I don't think f(x) is smooth near zero, though, since

 

d/dx[f(x)]=f(x)d/dx[1/xln(1+x)]

 

so all of f(x)'s derivatives have a discontinuity at zero. Since Leonhard Euler showed limf(x)=e as x approaches zero, and this limit is the same as you approach zero from the left or from the right, then the discontinuity of f(x) at zero is removable and the function

 

f(x)=(1+x)^1/x, x not = 0

f(0)=0 x=0

 

is continous. But the discontinuities in the derivatives don't appear to be removable. Each derivative will have a term containing the factor 1/x (not the 1/x in the exponent of f(x)) which cannot be removed. E.g.

 

d/dx[f(x)]=f(x)[(1/x)(1/(1+x)+(-1/x^2)(ln(x+1))]

 

the 1/x in the 1st term is not removable.

 

I'm not saying it doesn't oscillate near zero, I'm just saying that this is unexpected. I need confirming opinions and confirming logic to explain it so I can believe it.

So the questions are:

1. Does f(x) oscillate near zero?

2. Why does f(x) oscillate near zero?

3. Why does this behavior not appear until |x|<~10^-7?

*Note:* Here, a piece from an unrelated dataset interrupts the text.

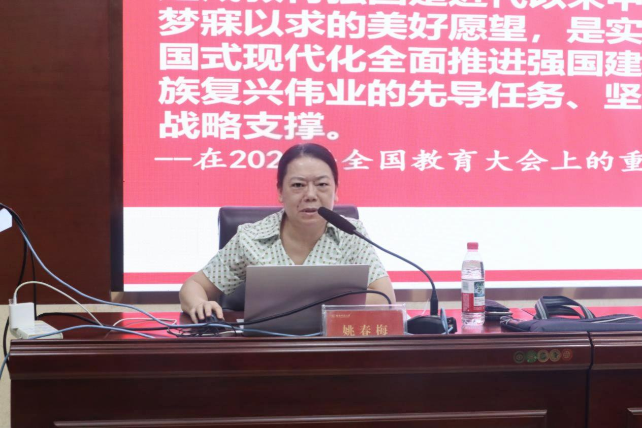 (通讯员 解欣玥 李丰耘)为深化学生对教育强国建设的战略部署、改革方向和实践路径的认识,提高学生的思想政治素质,6月5日下午,永利yl23411no1(以下简称“信息院”)与物理与电子科学学院在中和楼342报告厅开展以“实现从教育大国向教育强国的历史性跃升”为主题的《形势与政策》课程,课程由学校纪委书记姚春梅教授主讲。

4. Is it a glitch in Mathimatica? [doubt it]

5. If it doesn't oscillate [which it probably does] then how is the behavior of the derivatives explained near zero?

6. If it oscillates, then why is it so hard to replicate this oscillation manually on a calculator?

 

Note#1: This behavior concerns the real-valued f(x). I don't think Re[f(z)] or Im[f(z)], z complex, are of interest here.

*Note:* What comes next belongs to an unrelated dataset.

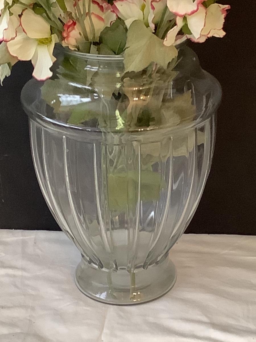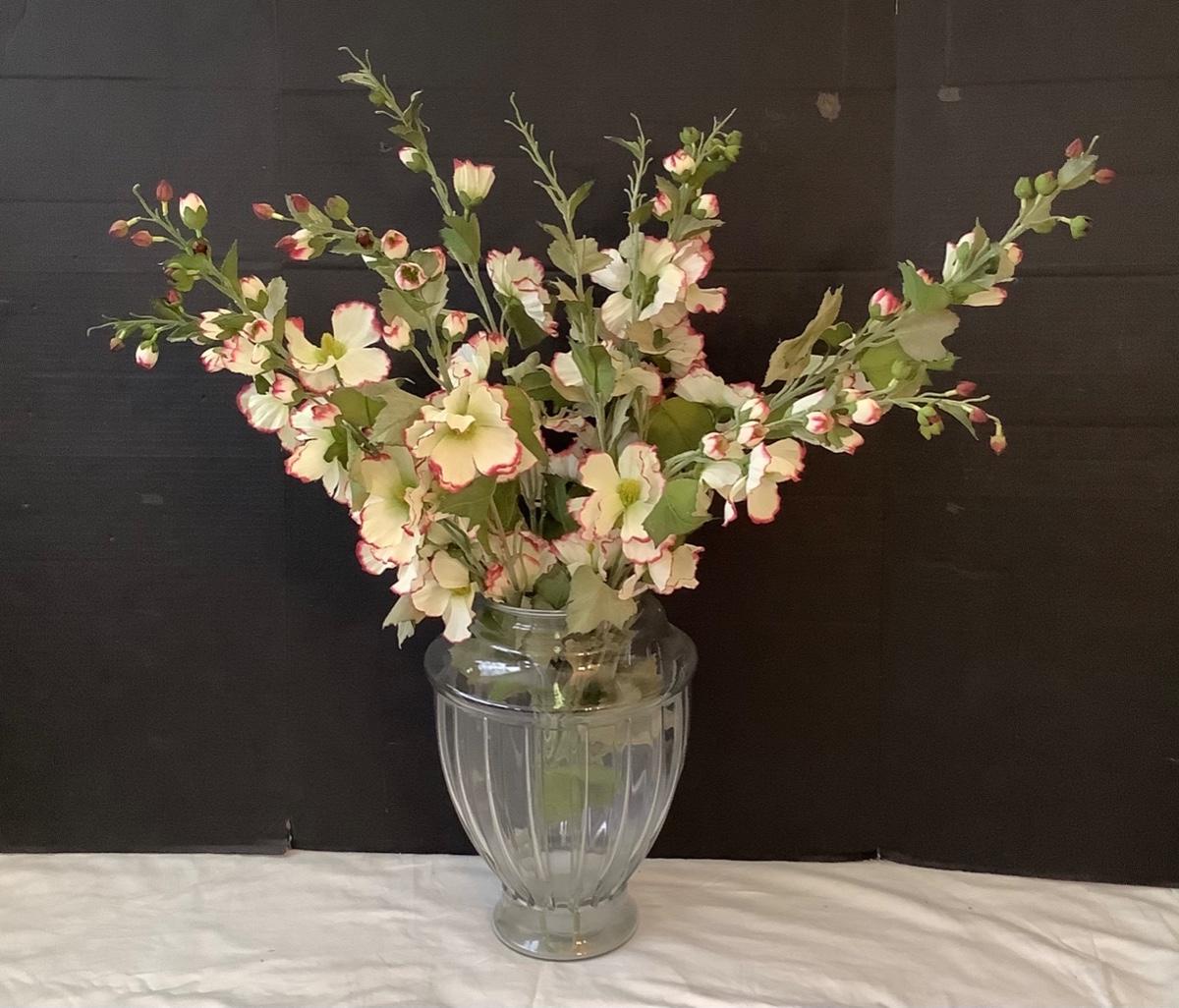 LArge crystal vase measures 14” tall with a 6” round base, comes with faux silk Hollyhocks

Note#2: This behavior concerns (1+x)^1/x. I dont think either (1+1/x)^x or lim(1+1/x)^x as x goes to infinty are of interest here.

 

Thx in advance and Kudos to the person with the explanation!

[Pyrotex]

Interesting problem!! :)

 

I used Excel to plot the final 99 points counting down to X= zero. I set the difference between those points as 10^-5. It plotted a straight line.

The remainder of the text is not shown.